I pray before the dead - 89%

Razakel, December 10th, 2011

Since I’m the biggest Amorphis fan in the known universe, it’s a wonder that I’d never thoroughly checked out Abhorrence until earlier last year. I’d heard vague rumours that they were classics of the early Finnish death metal scene, but I guess I just never considered that a band that was active for less than two years who only released a short demo and an EP could have much to offer but, my friends, let me sincerely admit that I was gravely mistaken. Abhorrence fucking rule, and tell everyone you know this fact.

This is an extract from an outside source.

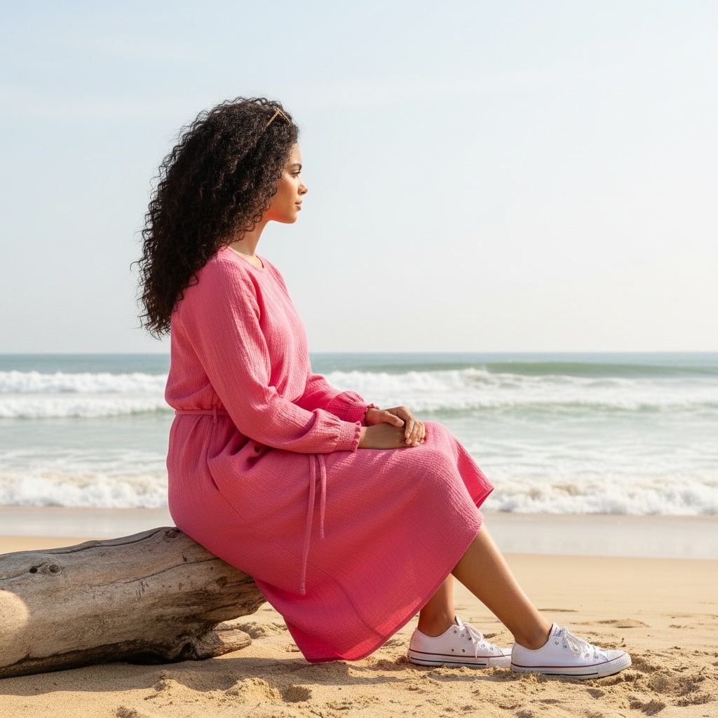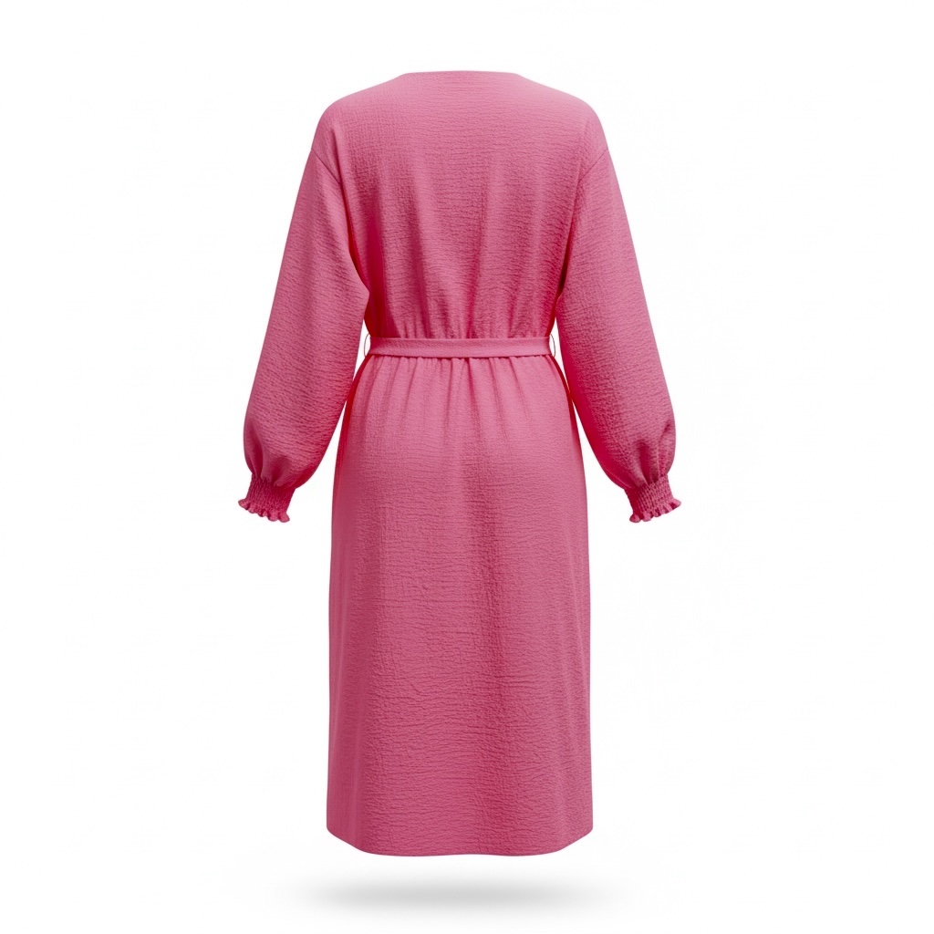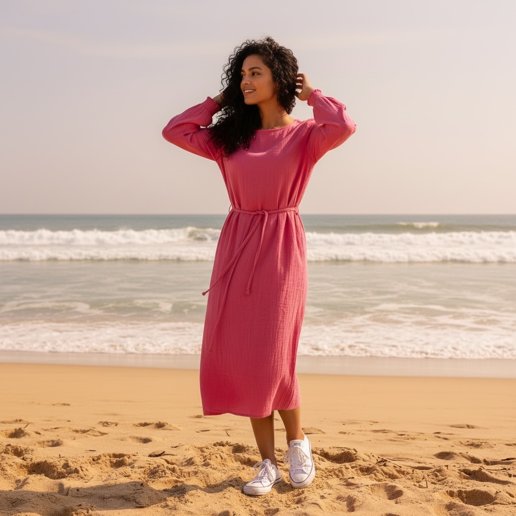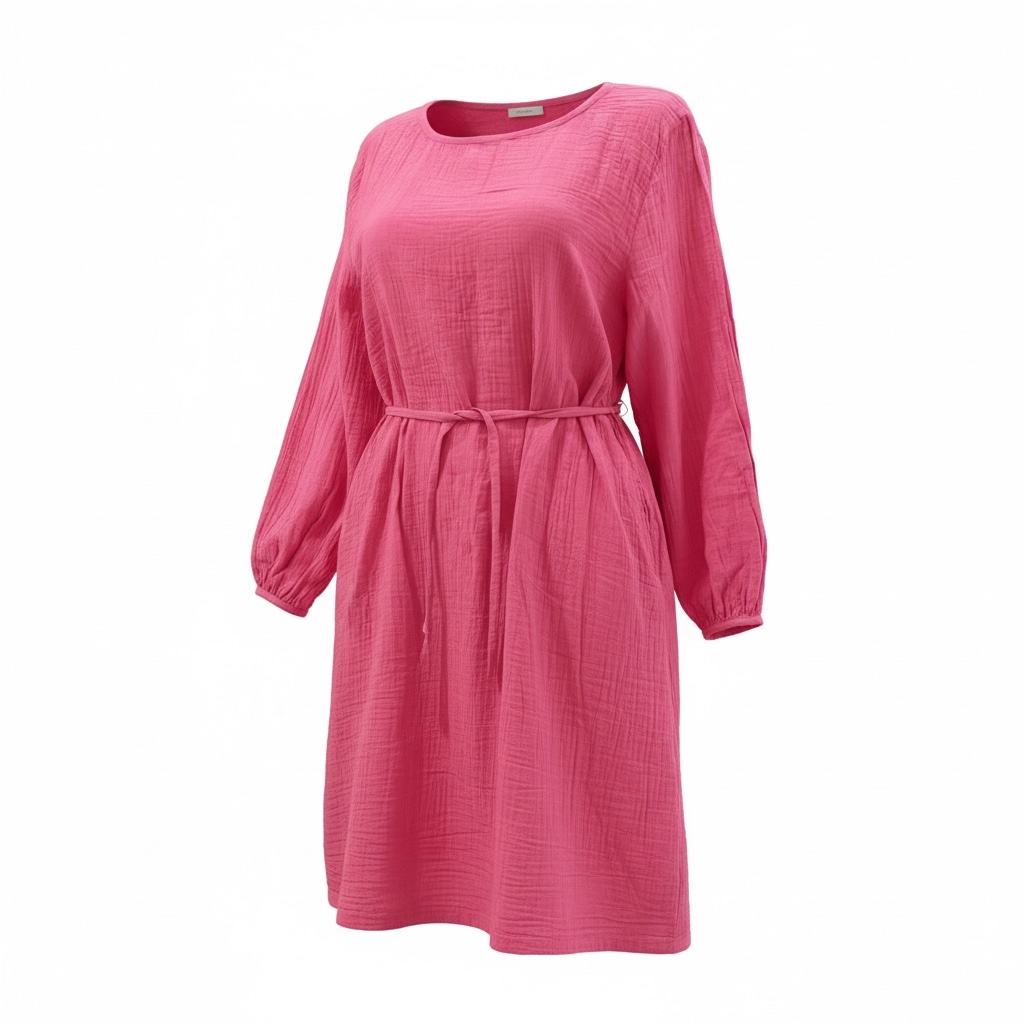 Prześliczna muślinowa sukienka w intensywnym różowym kolorze. Długość do połowy łydki, przewiewna, oddychająca, delikatna tkanina 100% bawełna, lekko gnieciona. Sukienka prosta, w pasie sznurek zakończony koralikami, dwie głębokie kieszenie, długi rękaw zakończony szerokim ściągaczem, bardzo kobieca i delikatna. Idealna na wiosnę oraz chłodniejsze dni lata. Świetnie sprawdzi się zarówno na co dzień, jak i na wyjścia w bardziej romantycznym stylu.

The Vulgar Necrolatry demo is an obscure little gem of Finnish death metal lore, but a damned significant one at that. It was the first recorded piece of music in which Tomi Koivusaari lent his riffs of ungodlike mastery, before going on to mastermind Amorphis, alongside Esa Holopainen, of then Violent Solution notoriety. Also, albeit a decade after Abhorrence’s gruesome demise, Mika ‘Arkki’ Arnkil, would go on to provide bass for Impaled Nazarene. So, two prominent members of two of Finland’s most influential metal bands played together in a band in their teens, and what did it sound like? Well, disgustingly primitive and violent death metal, naturally. Sure, the production is about as harsh and gruff as it comes, but in a much more tasteful way than bedroom bands. The riffs trudge through the grain like a thick blizzard and the solos squeal through the mix like a tortured banshee.

The opening and title track is clearly the centerpiece of the release, and it’s no wonder Amorphis still play this song live. After the eerie, yet admittedly needless intro, the riffs stomp forth and never let up. Merging between a mid and fast pace, this song never ceases to decimate. The vocals are heavily Carcass inspired, and while the music is certainly brutal, there are still melodic moments which already remind one of the more epic moments of Amorphis’ debut, The Karelian Isthmus. Top it off with a raging solo near the end, and here you have one of Abhorrence’s best songs. What surprises me most about this release is the fact that if you can contain yourself from headbanging for a split second, and look beyond the filthy production, you’ll notice that much of the music is legitimately catchy. I could hum the breakdown at about 50 seconds into Pleasures of Putrid Flesh all day long.

This is definitely an example of a classic demo in desperate need of a good reissue. This, along with Abhorrence’s EP, really does belong in the collection of fans of the early Scandinavian and British death metal scenes. It will remind you of Dismember, it will remind you of Carcass and early Bolt Thrower, but it will also offer you something different. The filthy production and putrid atmosphere do well to hide some haunting melodic breaks which really is the charm of Abhorrence. This is music to dig up festering graves to, or desecrate holy tombstones. That or, you know, just get drunk and headbang with the bros.

A More Mature Band in the Finnish Scene - 85%

CHRISTI_NS_ANITY8, June 24th, 2008

Abhorrence is another cult band in the Finnish musical panorama. A status reached with just two releases, soon become very rare pieces for the collectors. That period in Finland was great for the vast number of bands playing this genre, the gore death metal. These bands are not famous but are quite good anyway even if I believe that Abhorrence belong, in their sickness, to the most intelligent side of this genre in that country.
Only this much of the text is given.